There were the ones to be expected, like the waterfall of pink roses and bright purple blooms that blanketed her coffin, the white and pink blossoms on the cross-shaped arrangement, the red rose heart on the altar, and the long-stemmed single pink-and-white roses her closest family members offered as a farewell.
Others were smaller and specially for McGhee. On about half of the crowd, a small loop of pale pink ribbon with a tiny rosebud winked from a dress or a lapel.
“It’s in memory of Courtney,” said one mourner quietly.
Codner echoed the words McGhee’s family wrote in her obituary as he delivered the eulogy, remembering her as “beautiful, bubbly, smart, loving and courageous.” But one of those words stood out from the rest.
“Bubbly. If I had to choose one single word to define her, that would be it,” he said. “She brought joy to everyone who was around her.”

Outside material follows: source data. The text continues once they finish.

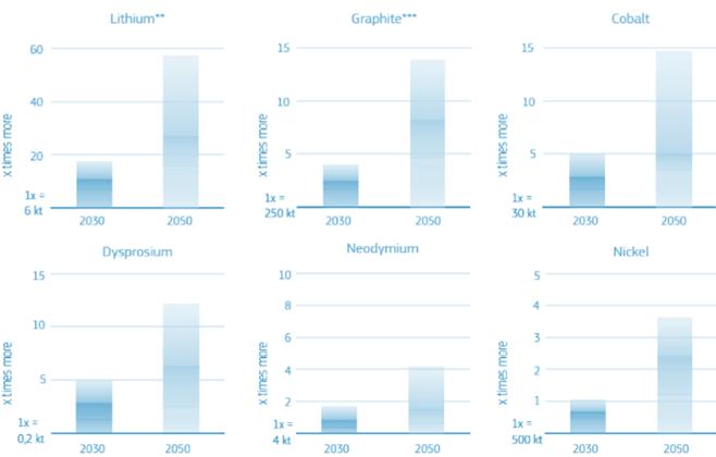 ▪ Europe has substantial raw material dependencies not only in energy raw materials but also in critical metals and minerals. Europe’s dependency on many mineral raw materials from China, for example, already outweighs its dependency on Russia for oil and gas. However, in the case of mineral commodities there are no national (strategic) reserves as there are for oil and gas. Global demand until 2050 compared to the year 2010 is forecast to rise by
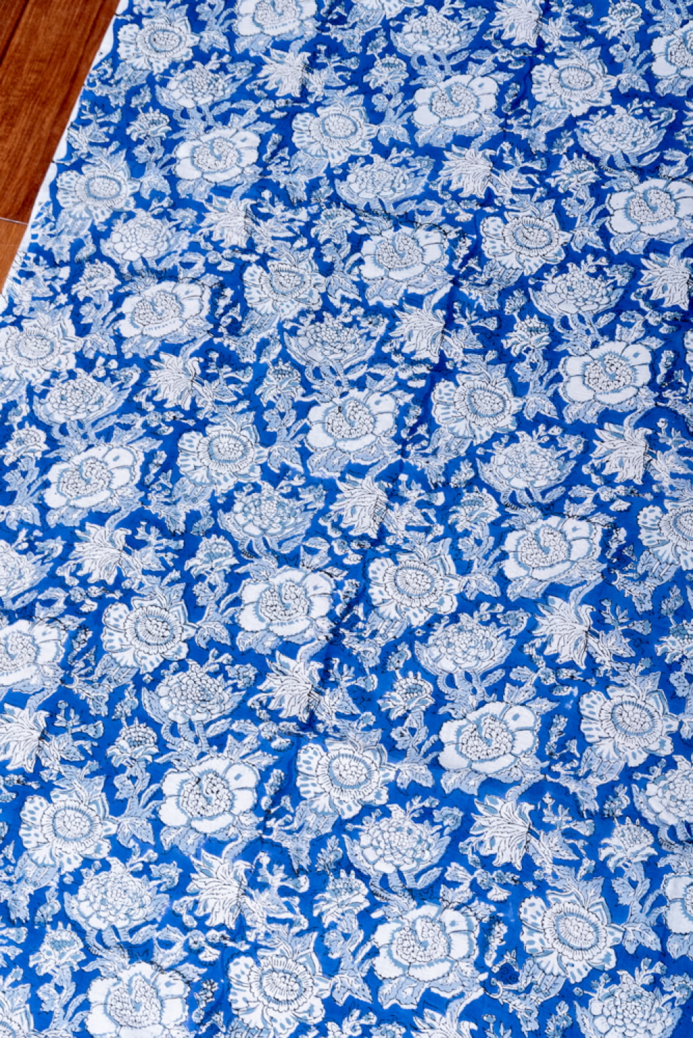 〔1m単位切り売り〕ジャイプル 職人手作り木版染め 色彩美しいボタニカルデザイン おしゃれ 生地 花柄 テーブルクロス 刺繍素材などへ〔幅約113cm〕 - ブルー 系 x 5個
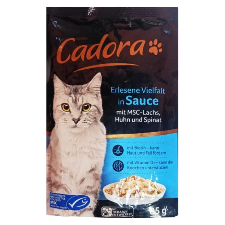 پوچ گربه کادورا با طعم مرغ ، ماهی و اسفناج در سس Cadora Cat Pouch وزن 85 گرم اتمام موجودی تاریخ انقضاء : 01/2026
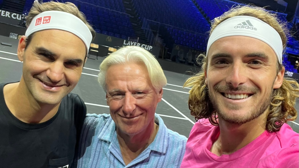 Ο Έλληνας τενίστας, δεν έχασε την ευκαιρία να φωτογραφηθεί με τον Ελβετό, έχοντας μαζί τον θρύλο που θα εκτελεί χρέη προπονητή στην team Europe, Μπγιορν Μποργκ.
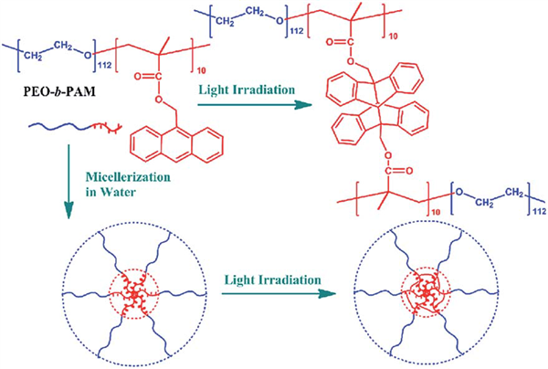 An amphiphilic polymer with anthracene pendants of PEO-b-PAM has been applied to comprehensively investigate the photodimerization characteristics of anthracene in aqueous solution upon various selected narrow band of light irradiations in the UV-vis-NIR region.
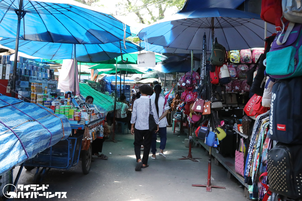 国境を越えたタチレク側には、市場が広がっています。タイバーツはそのまま使えるので安心を。国境市場だけでなく、タチレクでは、どこでもタイバーツが使えるようです。
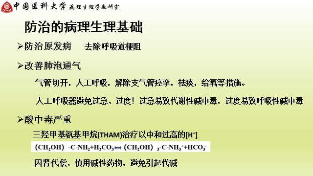 - 病生治疗》治疗原发病 》改善肺通气(注意要给肾脏反应时间) 》考虑肾脏,慎用碱性药,可用无钠有机碱:三羟甲基氨基甲烷 (https://qn-st0.yuketang.cn/FihJ22KlU76zmdem3j-whgu17gvH)

She also brought a desire to help.
In 2016, her nephew, R.J. Shirey, then 15, was injured in a hunting accident, shot with a 12-gauge shotgun, ultimately losing his leg. Codner remembered McGhee’s first instinct, asking the Grace Baptist community for prayers. A bank manager, her second instinct was financial, and she set up a GoFundMe page to raise money to help with the medical bills. She helped collect $5,450 for him over the course of a year.
In four days, people touched by McGhee or her story have raised $3,600 for her family. McGhee left behind a 13-year-old daughter, two sisters and her parents. Her husband, Charles McGhee, is in Centre County Correctional Facility without bail, charged with killing his wife and setting fire to their home.
At the graveside, McGhee’s loved ones lingered, hugging and saying tearful goodbyes to each other, the kind of goodbyes they didn’t get to say to her.